Visitors check a yacht produced in Zhuhai, Guangdong province, during an exhibition in Hong Kong in May. Many mainland companies have started to seek more opportunities in the special administrative region. [Photo/Xinhua]
BEIJING – Closer economic ties between the Chinese mainland and Hong Kong may help offset the impact of a decline in world growth, which has been dragged down by debt crises in Europe and the United States, experts said on Monday.
“As the debt crises threatens to drag down global economic growth, the mainland and Hong Kong need to promote the implementation of the Closer Economic Partnership Arrangement (CEPA) to ensure sustainable growth for both sides,” said Zhang Li, a researcher with the Chinese Academy of International Trade and Economic Cooperation affiliated to the Ministry of Commerce.

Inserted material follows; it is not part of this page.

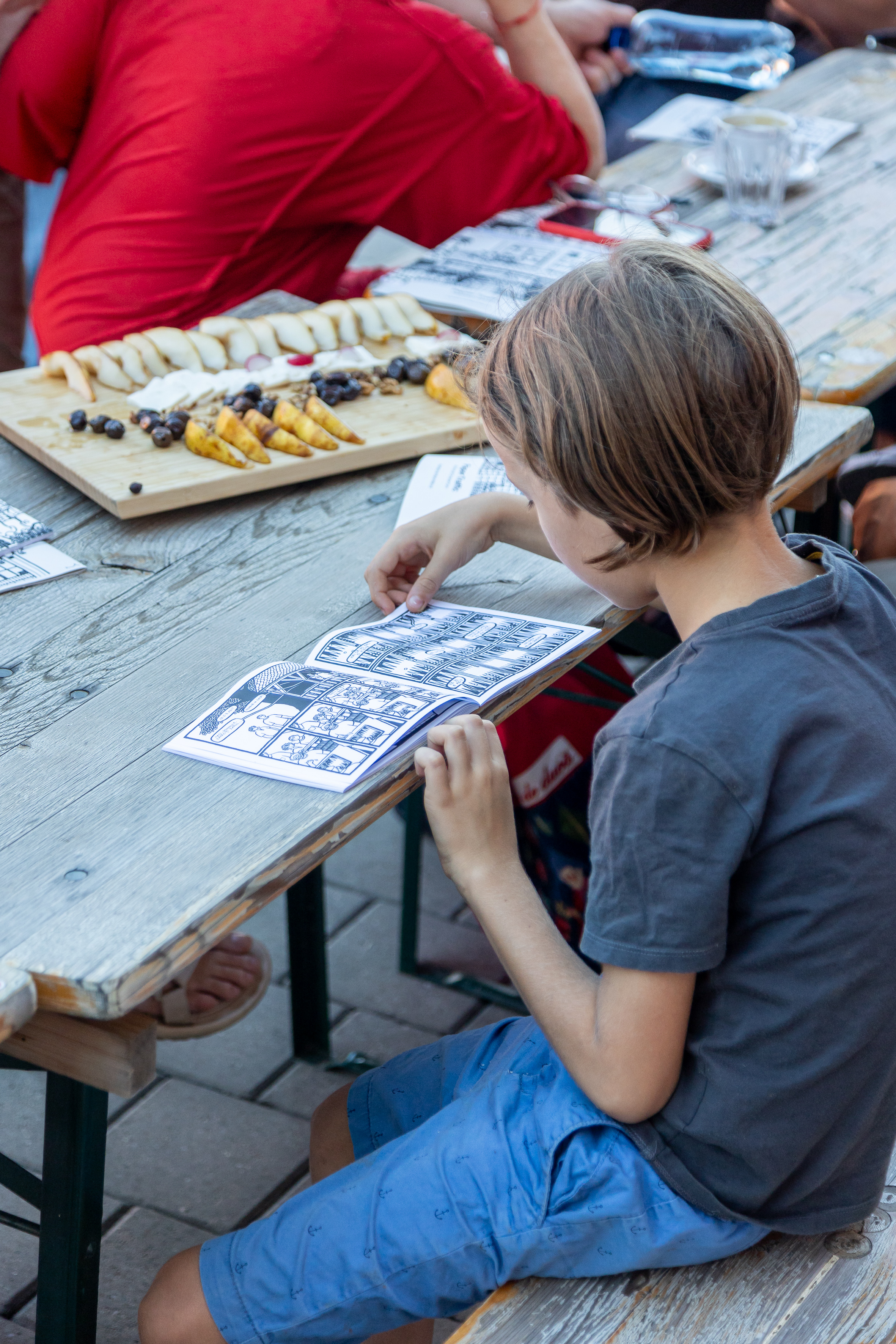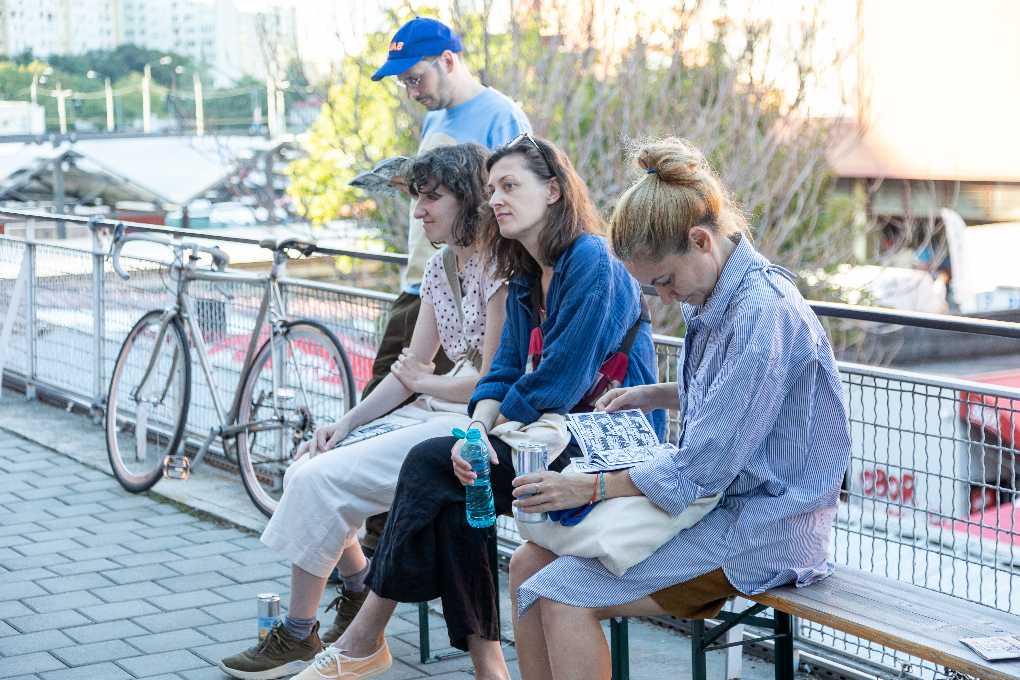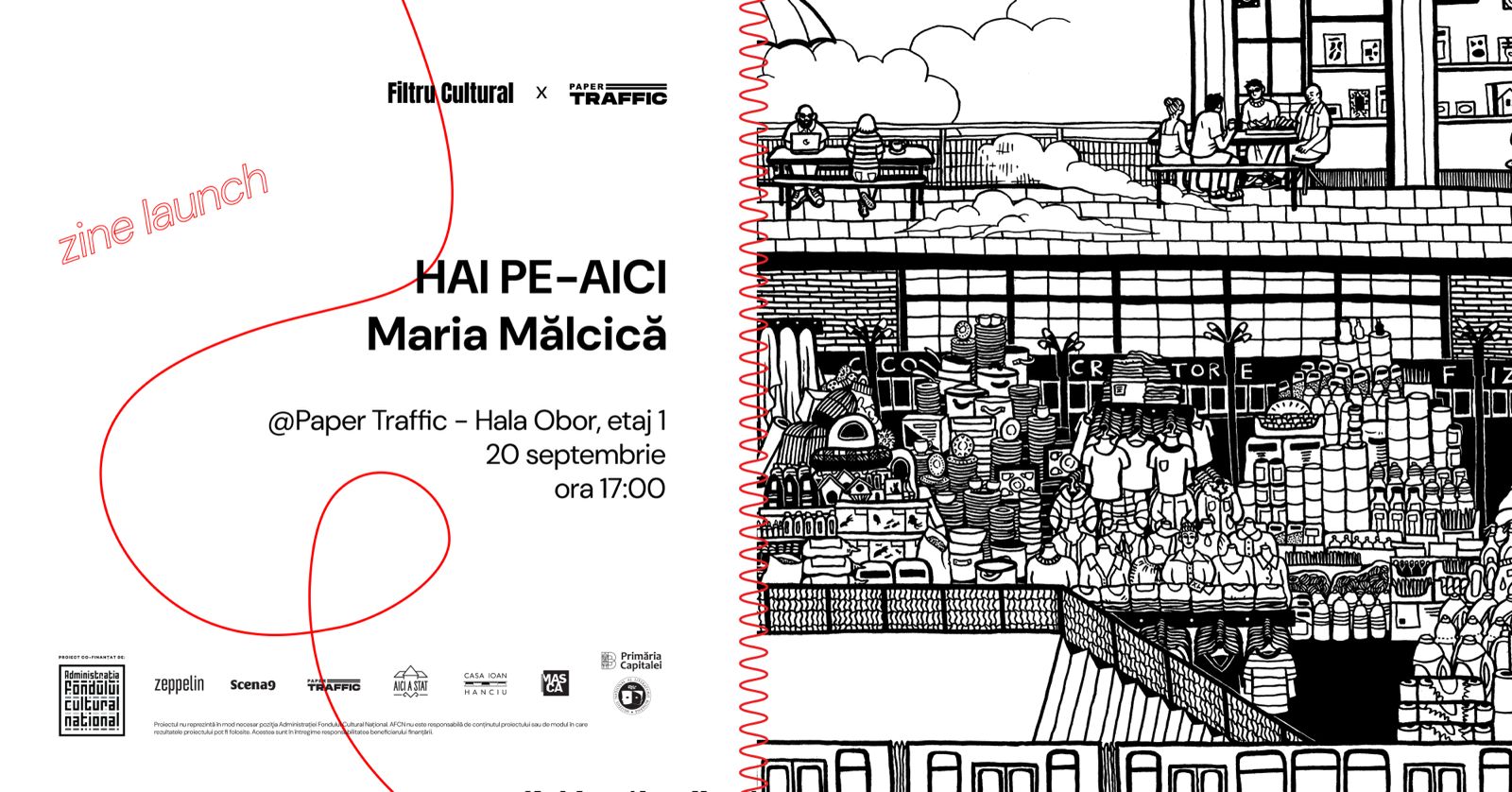Evenimentul a debutat cu lansarea benzii desenate despre zona Pieței Obor – HAI PE-AICI, realizată de Maria Mălcică. Autoarea a explorat cartierul prin ochii a doi prieteni, mai degrabă flaneuri decât simpli clienți.

Worries about slow world economic growth rose following Standard and Poor’s downgrade of the US’s credit rating. CEPA, a free trade agreement between the two sides signed in 2003, offers preferential market access for Hong Kong products and companies to enter the mainland market.

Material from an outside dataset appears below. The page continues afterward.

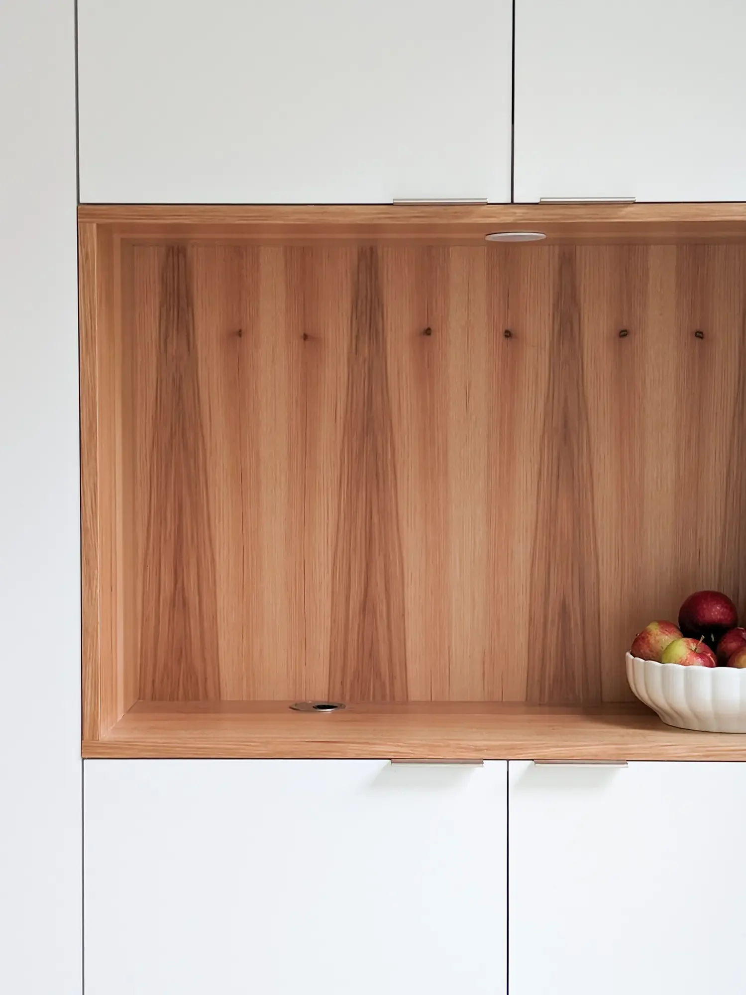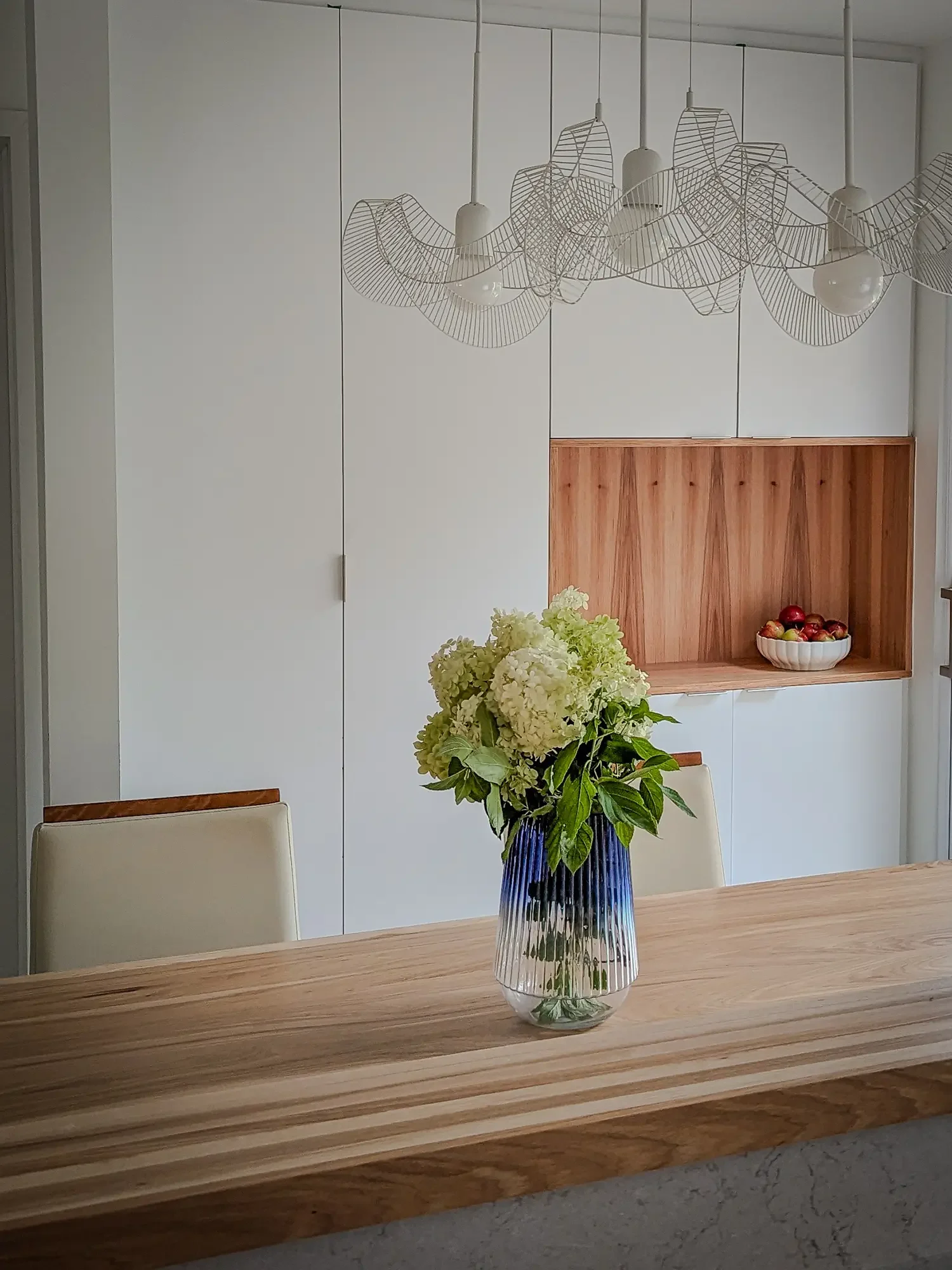 L’intervention a porté sur la reconfiguration des volumes et l’intégration de solutions sur mesure, favorisant une circulation naturelle et une lecture fluide de l’espace. Les matériaux ont été sélectionnés pour leur durabilité et leur texture : bois clair, surfaces minérales et finitions mates composent une palette cohérente, lumineuse et intemporelle.

The arrangement includes the removal of tariffs on trade goods and has created an effective platform to promote investment and trade between the two sides.
By the end of 2010, $308 million in tariffs had been saved on goods worth $3.57 billion, according to the General Administration of Customs.
Hong Kong is the fifth largest trading partner and the third largest export market of the mainland. Trade volume between the two surged 35 percent year-on-year to $134.4 billion in the first half of 2011.
“According to the mainland’s 12th Five-Year Plan (2011-2015), the mainland will further open its service industry, also a sector in which Hong Kong companies have great strengths and opportunities,” said Zhang.
Many mainland small- and medium-sized enterprises are struggling to overcome financing bottlenecks, so Hong Kong’s financial institutions can exploit new ways for cooperation such as launching more financial products for them, she said.
The opening-up of the mainland market to Hong Kong financial institutions is the most effective sector for the implementation of the CEPA, Jiang Yaoping, vice-minister of commerce, said in July.
The mainland has adopted more than 30 preferential measures in areas such as banks, securities and insurance in the seven supplementary agreements to CEPA containing further preferential policies for Hong Kong.
Those measures not merely helped the Hong Kong financial industry gain more space for development and strengthen Hong Kong’s position as a international financial center, but also boosted the mainland financial industry, he said.